The Kamikaze II “Sonics” is a mid top shoe with a white and black, leather and nubuck upper. Its most distinguishing feature is the black, almost lightning bolt, nubuck design that engulfs nearly the entire upper. This shoe also has accents of green on the midsole as well as green Reebok Vector logos throughout the shoe, which really pop against the black and white canvas. The sole is black with a classic herringbone design, the most functional setup from a performance standpoint in my eyes. There is also a green wave at the forefoot flex point and a chili red Reebok logo. In the sole itself Reebok uses Hexalite, which is comparable to Nike Zoom or Air Max.
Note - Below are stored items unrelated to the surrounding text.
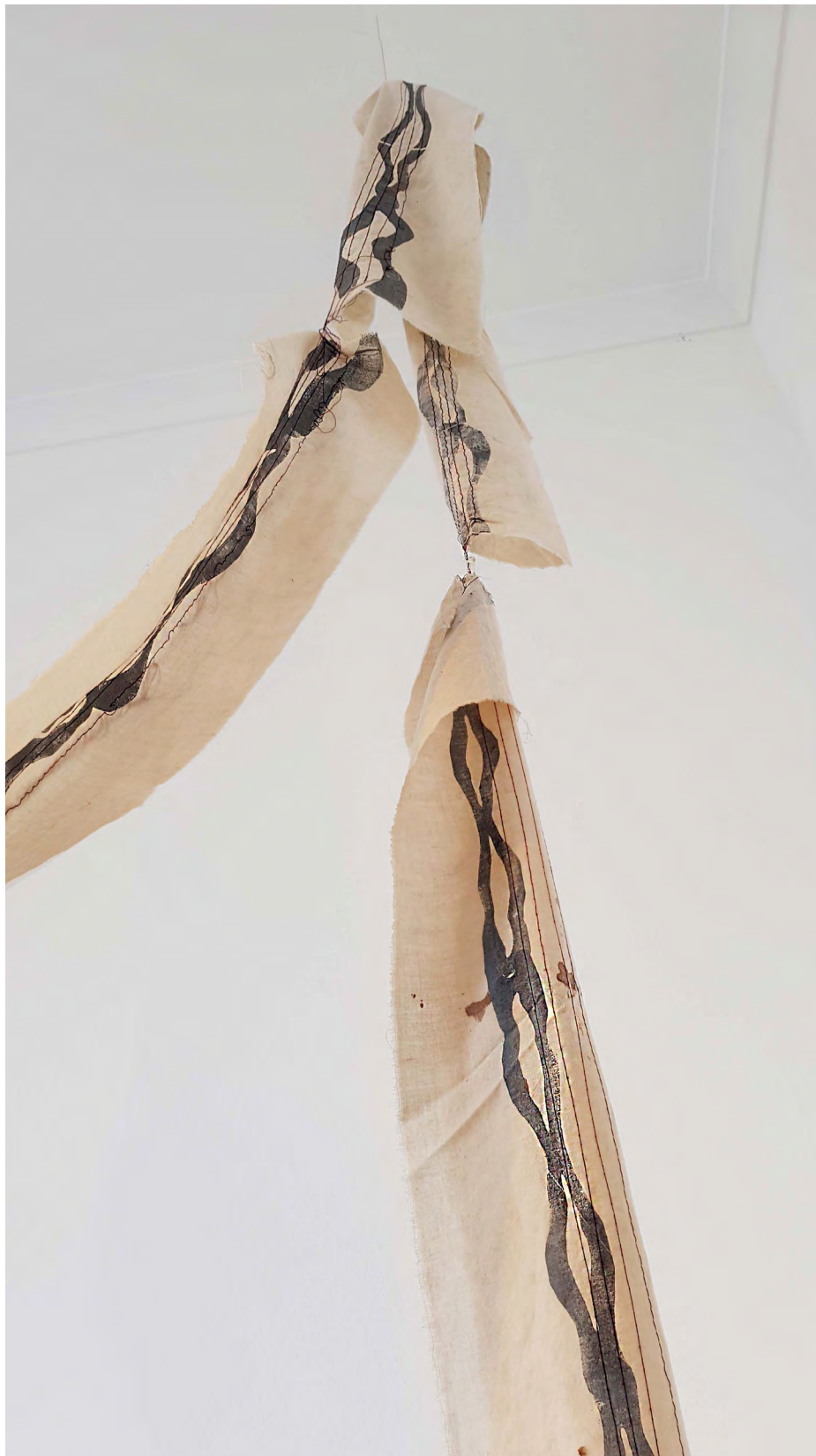
thinkaboutthisthinkaboutthisthinkaboutthis vol.2 (detail) by Sarah Catania Lino print and thread on hand dyed fabric Dimensions variable $1200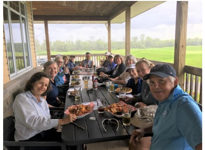
Aug. 13/24 Golf – 9 th hole at Anderson links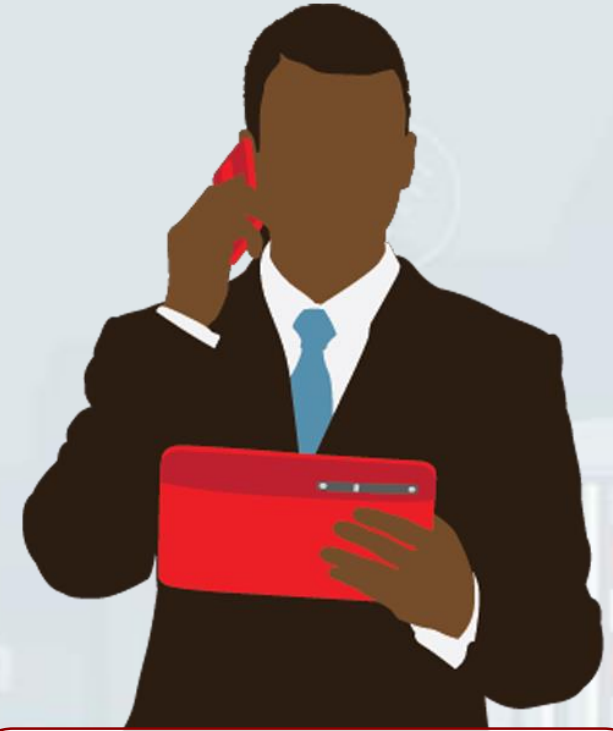
Branch offices, located outside of the U.S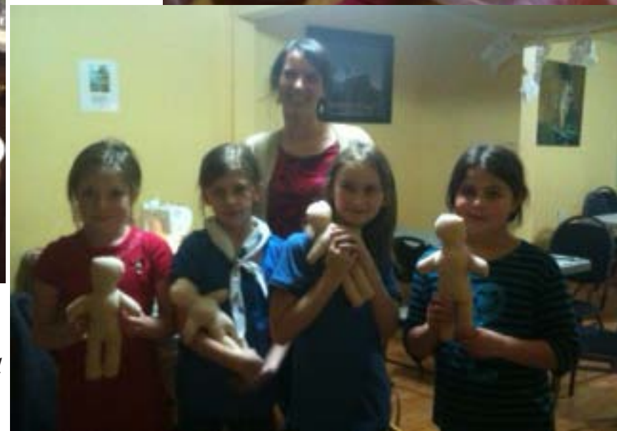
The girls made Medical Dolls for the hospital.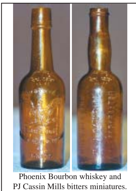
Phoenix Bourbon whiskey and P.J. Cassin Mills bitters miniatures.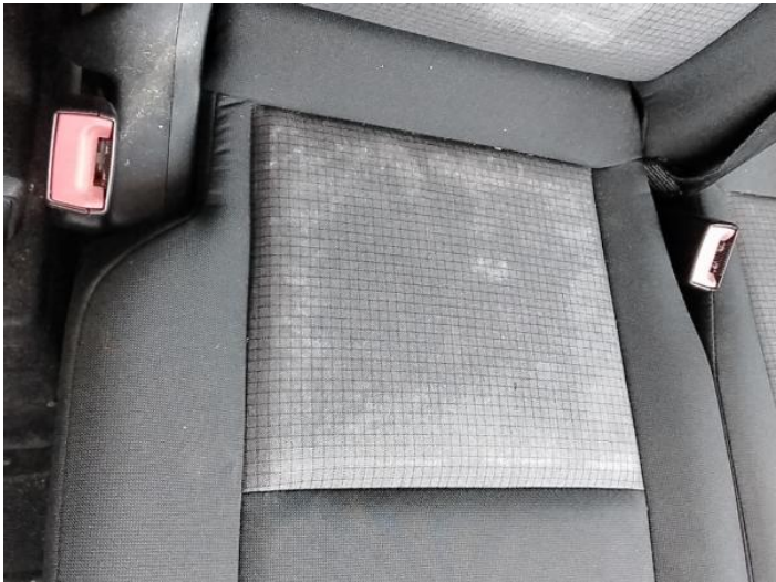
2: Seat Base Cover nsf Soiled Heavy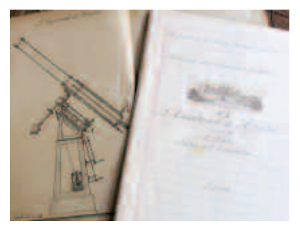
Printed version and handwritten manuscript of the first issue of "Pubblicazioni dell'Osservatorio di Arcetri" 1893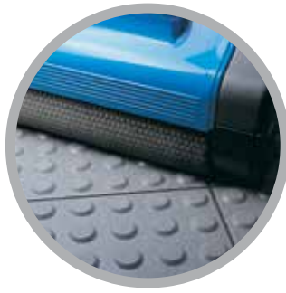
Profiled Rubber and Ceramic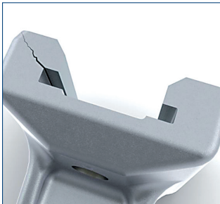
Eliminate costly casting failure

A robust, lightweight Blowhead assembly manufactured from high quality aluminium billet for strength and accuracy. It is equipped with a steel Quick Change adaptor to provide secure clamping and eliminate problematic casting failure.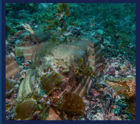
Case 2: Nature-based structures can facilitate project progression in or near protected habitat, where site condition would preclude standard construction materials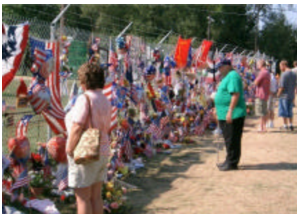
Brook Park Memorial Wall The 3/25 Comes Home

Tonight I attended the homecoming from the 3/25. I volunteered to help raise the American Flag between the two hook and ladder fire trucks and to hear the crowd cheer when the flag was being raised was so incredible.

Hexalite works by using many hexagonal pods placed closely together, making a shape similar to a honeycomb. When weight is applied to the grouping of hexagons, they bend and mold around the foot while acting like a spring as it deflects and spreads the weight of the foot, helping on-court performance. The Kamikaze II was one of the first shoes to use this technology but it’s still being used on many new and retro silhouettes, including the Kamikaze I (which is also rumored to be released in the near future) and many shoes from the Iverson line. From a breathability standpoint – like most shoes from this era – they offer little relief so I suggest you let them air out after wearing them on the court or as a fashion statement.

Since the KII’s retro debut it has been worn on court by one of my favorite young players, Sacramento Kings’ point guard Isaiah Thomas (cool because he’s from Seattle, and ironic because the team could be moving back there soon.) Los Angeles Clippers’ shooting guard Willie Green has brought them out as well. They were also worn off the court by Rick Ross, Swizz Beatz and Jay-Z.

Since the success of the OG colorway, Reebok has followed up the release with rumors of a red and black colorway and a black and white on February 1. If you couldn’t get your hands on the OG colorway, make sure you get your funds ready by the first; I believe that it will be worth it. This shoe has a very nice combination of style and functionality that will appeal to today’s modern baller. You can’t go wrong with the price either!